本記事は、こちらの要約版です。
旧統一教会教祖・文鮮明氏の発言録を読む
なぜここまで自民党と旧統一教会(世界平和統一家庭連合)の関係が深いのかを知る手がかりとして、創始者である故・文鮮明(ムン・ソンミョン)氏の発言から探ってみました。
文鮮明氏の発言は全615巻にも及ぶ発言録1として刊行されており、中には日本の政治や自民党について語ったものも数多く残されています。
特に発言録の第110巻に収録された「統一教会の活動と学者たちの使命」というタイトルの講演文に、氏のビジョンもしくは思惑が非常に色濃く表れていると思います。

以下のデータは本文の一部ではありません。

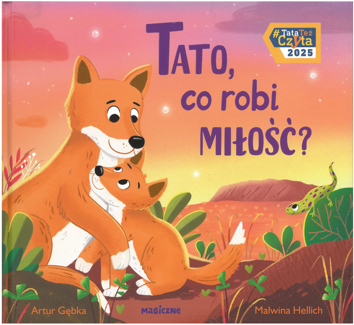 Tato, co robi miłość? / Artur Gębka ; zilustrowała Malwina Hellich. - Wydanie I. - Warszawa : Magiczne, 2025. - [33] strony : ilustracje ; 23x25 cm.
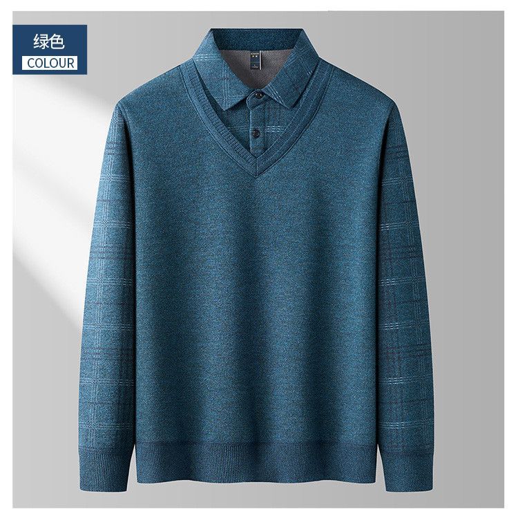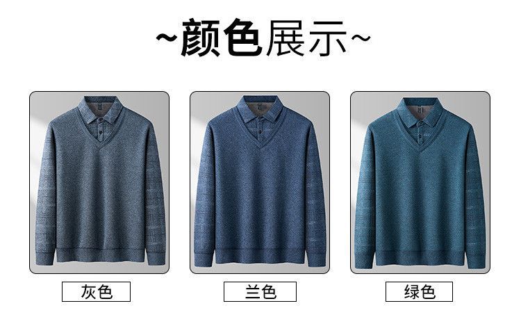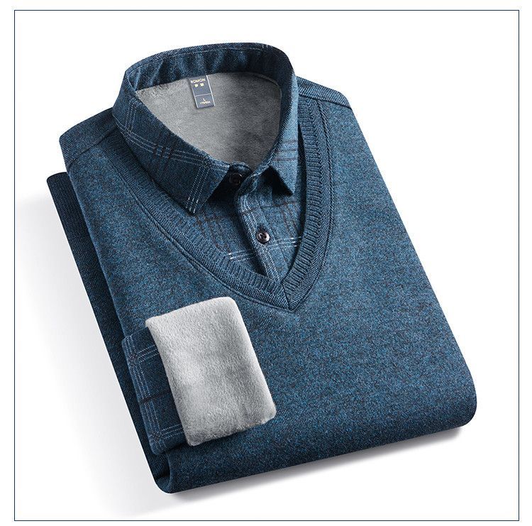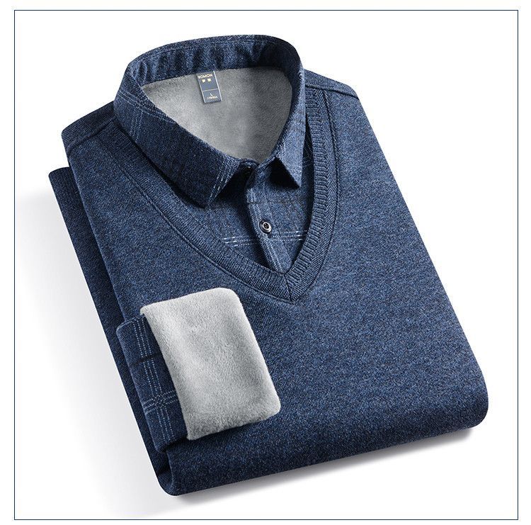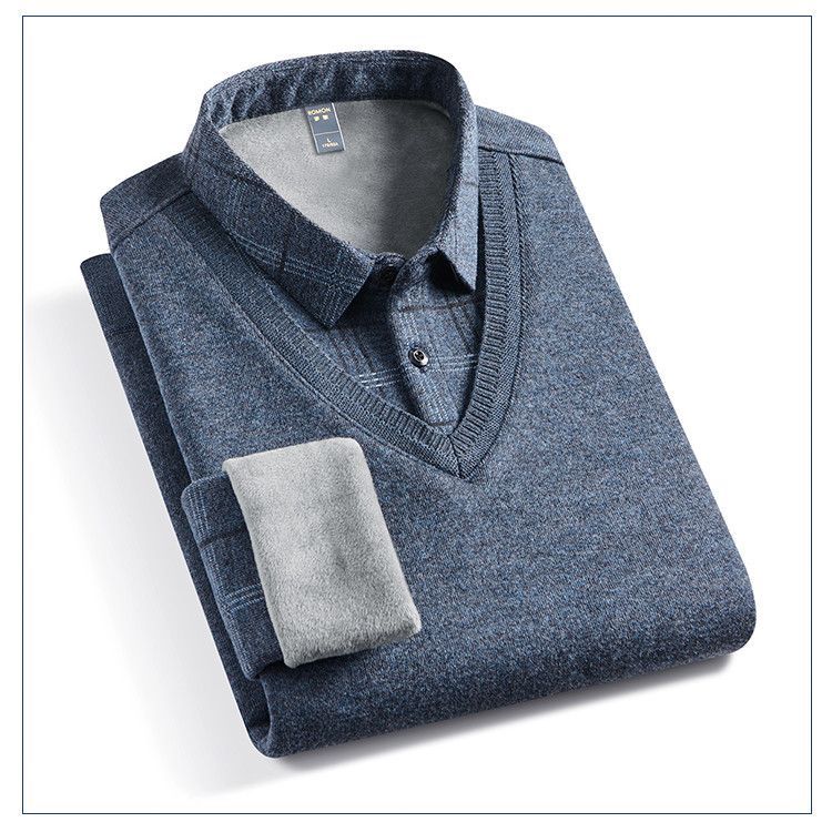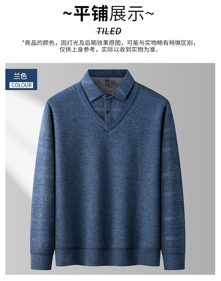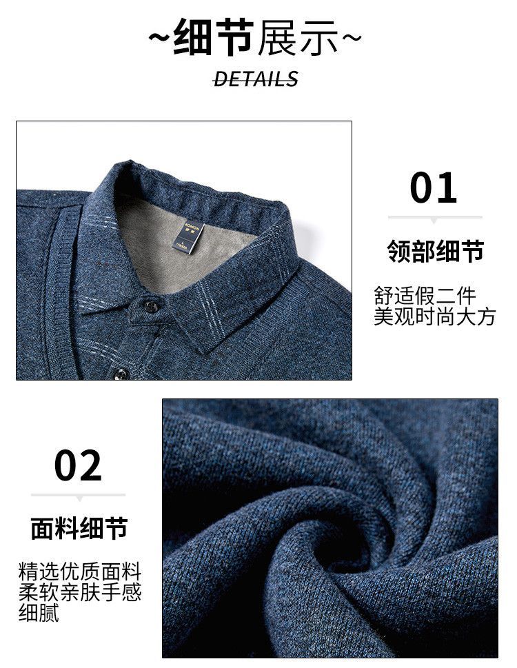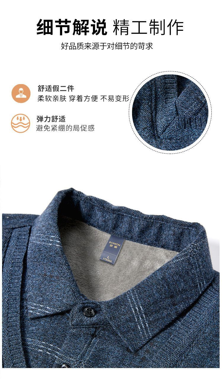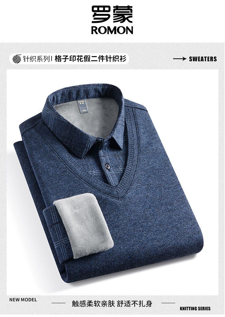 【加绒加厚假两件】罗蒙含棉假两件加绒衬衫 男长袖衬衣 男长袖加绒针织衫

この発言の要点は、主に次の2点にあると私は見ています。
- 韓国が生き残るためには、日本を後ろ盾としてアメリカに進出するべきである
- アメリカを中心に世界的な反共産主義の版図を築かなければならない
自民党・自衛隊・警察への工作活動
そのようにして日本に影響を与えるために、我々統一教会は自衛隊に対する活動を今から15年前に始めました。自衛隊に対する活動――これは今まで誰も知らなかった秘密です―― 若い人たちを自衛隊に入れることを15年前から始めました。それで、すべての閣僚級から我々を支援できる基盤づくりに注力し、また自民党の高位層と繋がる道を作っておきました。例えば岸首相の時には岸首相を中心として背後工作を緻密にしてきたのです。 こうして自民党の元老級まで、ある程度の線に近づいてきました。 このように自衛隊や自民党の為政者と繋がることをしながら、日本の警察を背後から操ることのできる活動をしてきたのです。
文鮮明先生御言葉選集 110巻 p. 168
統一教会を日本に布教することを通じ、自民党の高位級に繋がって自衛隊・警察までをも背後で操作できる基盤ができたと語っています。
自民党・自衛隊をセミナーで教育
日本の自民党を中心に私が今までやってきたのがそれです。毎週セミナーをしたんです。 経済問題、政治問題、軍事問題、文化問題まですべてセミナーをしたのです。日本の首相の顧問、政治顧問はたった1人か2人なんです。しかし学者は多いんです。 彼らが頭を突き合わせてクラブのようにセミナーをするんです。
文鮮明先生御言葉選集 110巻 p.195
だから、その政治顧問たちが最初は見くびったんです。 「全部統一教会がやって、勝共連合が背後になって…」と言いながら見くびったんですよ。私が鼻で笑いながら「見てろよ。お前らも巻かれるぞ」と言ったんです。それで何度もセミナーをするんですよ。 あと、冊子をどんどん発行するんです。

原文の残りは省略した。